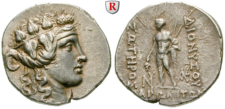 Tetradrachme 32 mm nach 146 v. Chr. Kopf des Dionysos mit Efeukranz r. / Nackter Dionysos steht l., hält Weintraube und zwei Stäbe; unten zwei Monogramme. Sch.-Geiss 1119 vgl.; vorzüglich / sehr schön
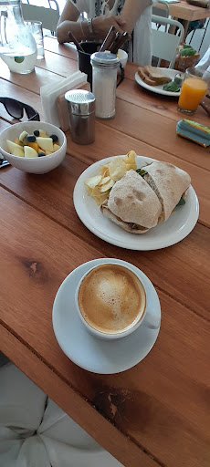 Read moreLlegue por recomendación y la verdad que me gustó, el ambiente es muy lindo con buena musica,destaca su decoración y el lugar muy grande, con una mesada con preparación a la vista ( eso me gusto bastante) lo que pedí fue un desayuno serrano que constaba de café, ensalada de frutas y un sandwich de rucula la verdad que la porción fue muy buena y ambundante, lo que me pareció curioso es que las mesas al ser grandes (se podría compartir con otros comensales como así también cuando se viene en un grupo grande) tenía un jarro con todos los cubiertos necesarios listo y uno los retiraba de ahí, (como también servida cosas más cotidianas ya en la mesa como la sal y las servilletas) la atención fue muy buena, destacó que a esa hora estaba casi vacío pero fue muy amables las dos chicas ( pero por la magnitud del espacio físico y las mesas que disponen de haber más gente se requeriría más personal de atención, ya que solo constaban de dos chicas) fuera de eso muy conforme con el desayuno y el precio por este, definitivamente volveré para probar algo de menú del día o alguna otra comida...
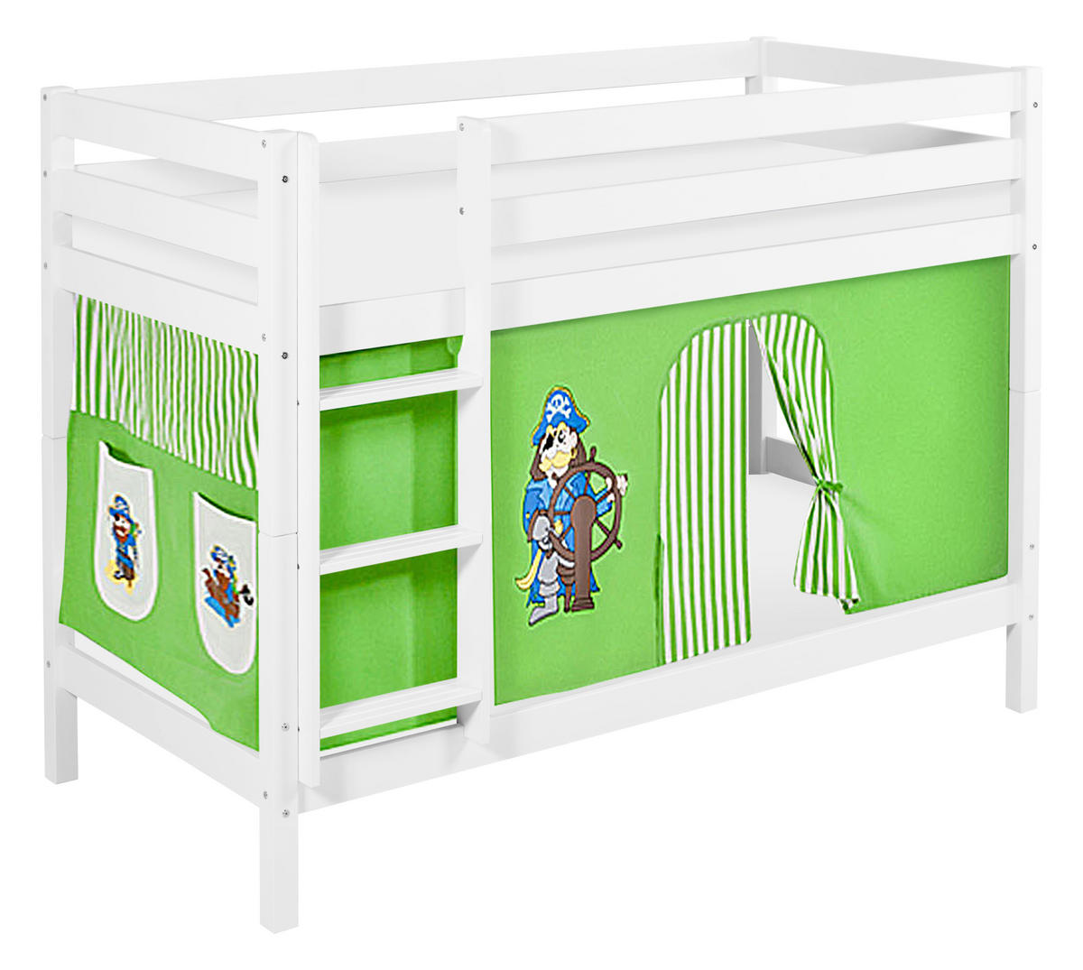 Lilokids ETAGENBETT JELLE 90x190 cm Pirat grün gestreift - Hochbett - inkl. Vorhang und 2 Lattenrosten
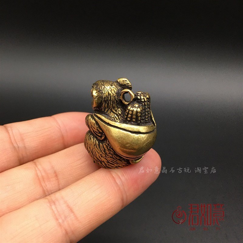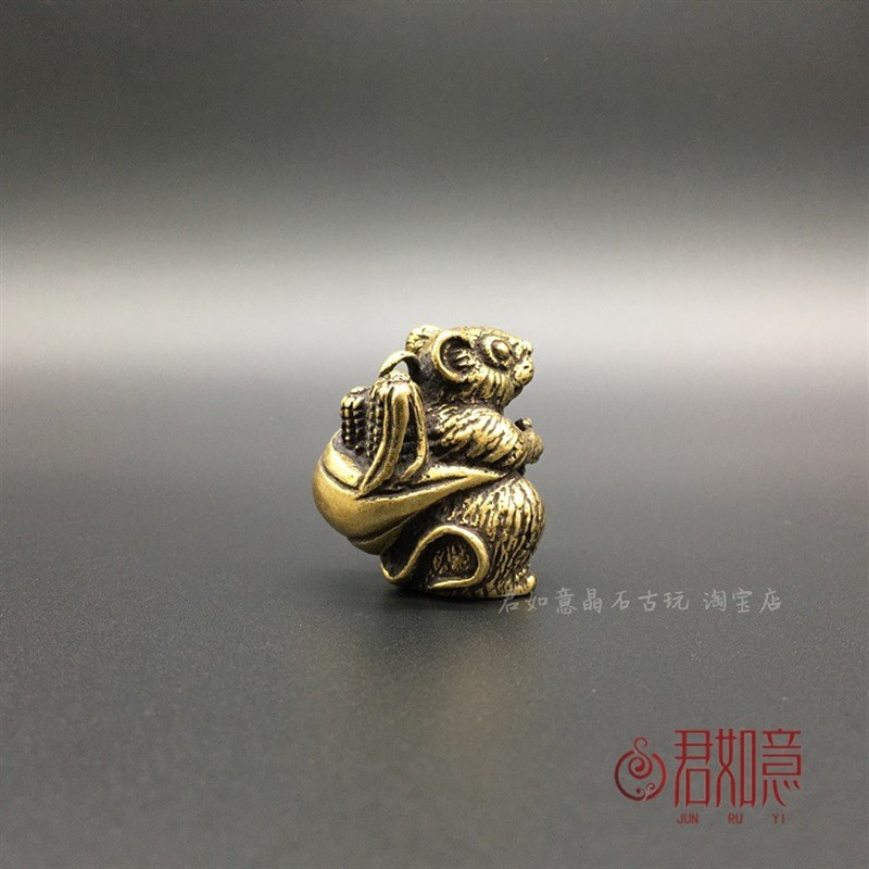 黄铜生肖小老鼠摆件迷你玉米铜老鼠可爱福鼠挂件扣
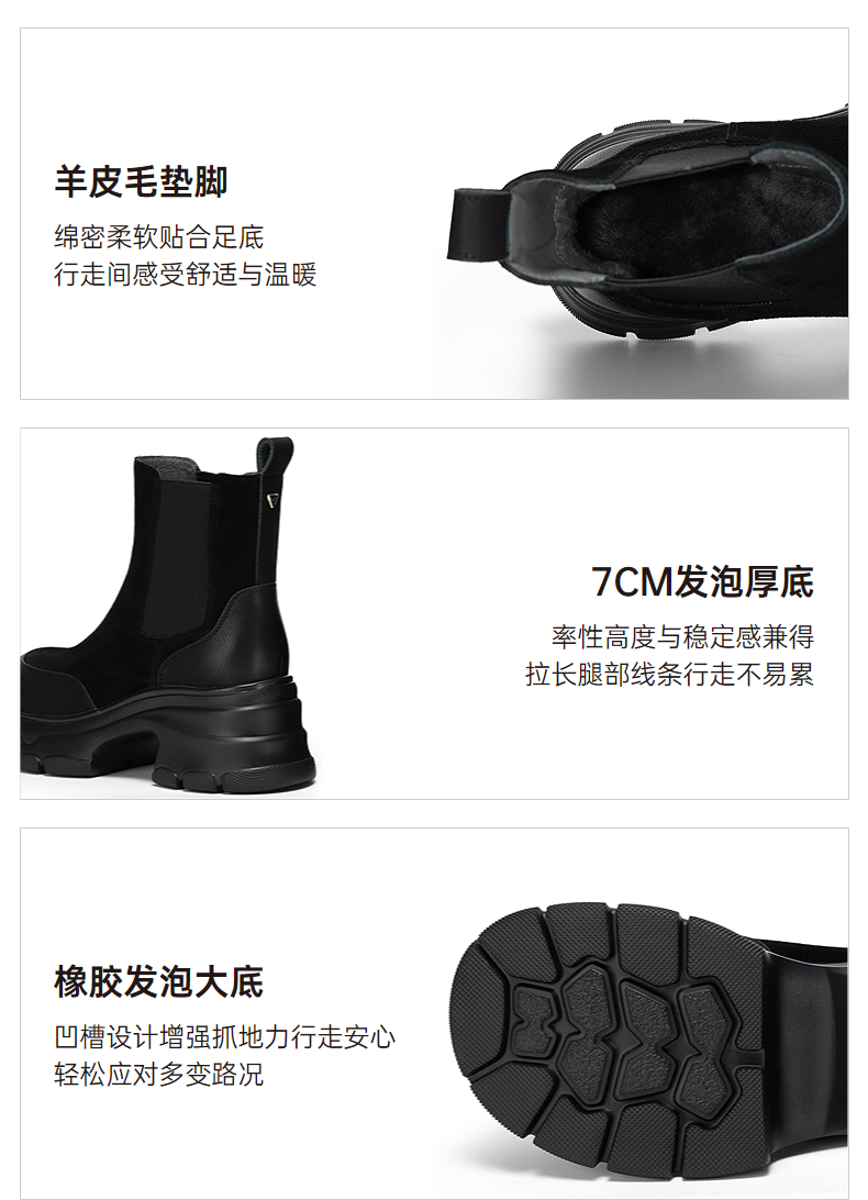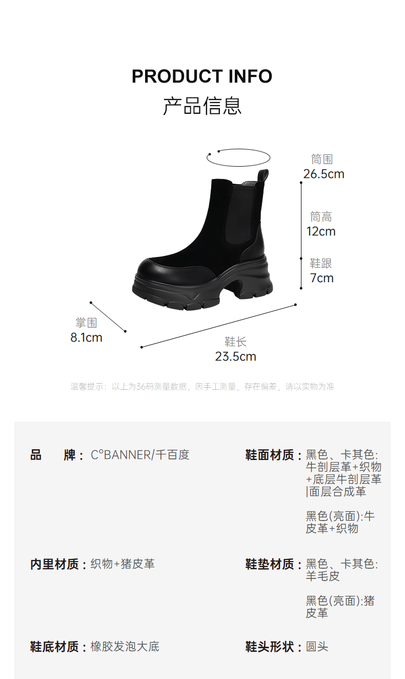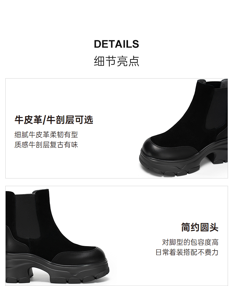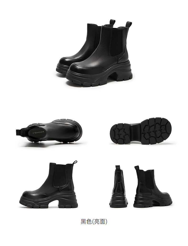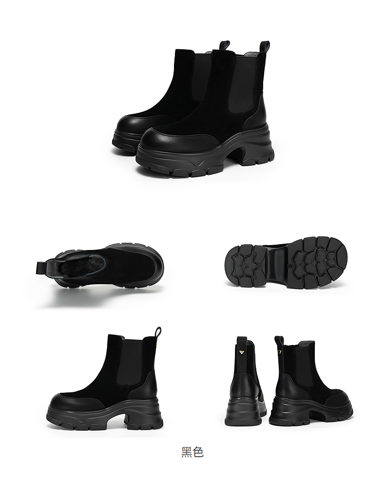 千百度厚底拼接切尔西靴女增高烟筒靴保暖粗跟短靴子A25650976

WORK INSTRUCTIONS. Using the data above, write out every line exactly, leaving the images behind.

OUTPUT OF THE TASK.
 Tetradrachme 32 mm nach 146 v. Chr. Kopf des Dionysos mit Efeukranz r. / Nackter Dionysos steht l., hält Weintraube und zwei Stäbe; unten zwei Monogramme. Sch.-Geiss 1119 vgl.; vorzüglich / sehr schön
 Read moreLlegue por recomendación y la verdad que me gustó, el ambiente es muy lindo con buena musica,destaca su decoración y el lugar muy grande, con una mesada con preparación a la vista ( eso me gusto bastante) lo que pedí fue un desayuno serrano que constaba de café, ensalada de frutas y un sandwich de rucula la verdad que la porción fue muy buena y ambundante, lo que me pareció curioso es que las mesas al ser grandes (se podría compartir con otros comensales como así también cuando se viene en un grupo grande) tenía un jarro con todos los cubiertos necesarios listo y uno los retiraba de ahí, (como también servida cosas más cotidianas ya en la mesa como la sal y las servilletas) la atención fue muy buena, destacó que a esa hora estaba casi vacío pero fue muy amables las dos chicas ( pero por la magnitud del espacio físico y las mesas que disponen de haber más gente se requeriría más personal de atención, ya que solo constaban de dos chicas) fuera de eso muy conforme con el desayuno y el precio por este, definitivamente volveré para probar algo de menú del día o alguna otra comida...
 Lilokids ETAGENBETT JELLE 90x190 cm Pirat grün gestreift - Hochbett - inkl. Vorhang und 2 Lattenrosten
 黄铜生肖小老鼠摆件迷你玉米铜老鼠可爱福鼠挂件扣
 千百度厚底拼接切尔西靴女增高烟筒靴保暖粗跟短靴子A25650976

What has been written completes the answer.